For all plans both train and verify, commit the new generated files for each plan. Commit improvement stats.
Stage 2 - multiple improvement iteration
Run "one improvement iteration" multiple times, until there score isn't improving significantly.
Stage 3 - next item in the luigi pipeline
As more upstream tasks gets optimized, then move on to further downstream tasks.
From time to time regenerate full plan, and have a reasoning model compare how much better or worse is the new full plan is over various KPIs.
Dataset
Config json file that contains the "dataset train" and "dataset verify".
The dataset lives in the PlanExe-prompt-lab repository.
These zip files are what PlanExe currently outputs, so these are the "baseline" to compare with.
Dataset train
20260310_hong_kong_game.zip 20250329_gta_game.zip 20250321_silo.zip 20260311_parasomnia_research_unit.zip 20260308_sovereign_identity.zip
Dataset verify
20260303_crate_recovery_campaign.zip 20260215_nuuk_clay_workshop.zip 20260202_heatwave_resilience.zip 20260201_media_rescue.zip 20260201_yellowstone_evacuation.zip 20260131_clear_english.zip 20260129_euro_adoption.zip 20260114_cbc_validation.zip 20251101_e_bus_security.zip
Feedback
Strengths
- Incremental approach is smart — optimizing one pipeline step at a time and proving it before moving on avoids compounding errors.
- Train/verify split — using separate datasets to prevent overfitting to the evaluation set is the right call.

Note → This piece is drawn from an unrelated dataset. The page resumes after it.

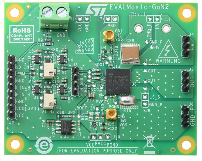 The EVALMASTERGAN2 board is an easy to use and quick to adapt tool to evaluate the characteristics of MASTERGAN2 and to quickly create new topologies without the need of complete PCB design.

- Failed attempt log — tracking what didn't work is often overlooked but very valuable.
Questions & Gaps
-
What are the KPIs? The document mentions "score," "better," "worse," and "various KPIs" but never defines them. This is the most critical gap. Without concrete metrics, the reasoning model's comparison will be subjective and inconsistent. What makes one output "better"? Completeness? Specificity? Actionability? Structure?
-
How is the reasoning model prompted for comparison? "Have a reasoning model do a comparison" is underspecified. Will it use a rubric? Pairwise ranking? A numeric score? The evaluation prompt itself will heavily influence which candidate "wins." This prompt may need its own optimization.
-
What does "consistently" mean? "Find prompts that consistently yield better outputs" — across all train plans? A majority? With what confidence threshold? A candidate that's great for 3 plans but terrible for 1 might still be worse overall.
-
MODEL_LIST is undefined. Which models are being tested? Are you running each candidate prompt across multiple LLMs to find prompts that are model-robust, or optimizing per-model?
-
How are candidate prompts generated? The doc describes the evaluation loop but not how new prompt variants are created. Manual authoring? LLM-generated rewrites? A mix?
-
"Rerun just that step" — dependency handling. If you rerun step N with a new prompt, its output feeds into step N+1 in the real pipeline. Are you only evaluating step N's output in isolation, or propagating through downstream steps? Evaluating in isolation is faster but may miss regressions that only show up downstream.
-
Budget/cost controls. You mention "it's very expensive to run the full pipeline." What about the cost of this optimization loop itself? With multiple models x multiple candidate prompts x multiple train plans x multiple iterations, this can get expensive fast. Consider setting a budget cap or max iterations.
-
The envvar for the dataset path — good instinct, but also specify a fallback or error message if it's unset.
Suggestions
- Define a scoring rubric (even a simple 1-5 scale across 3-4 dimensions) before starting.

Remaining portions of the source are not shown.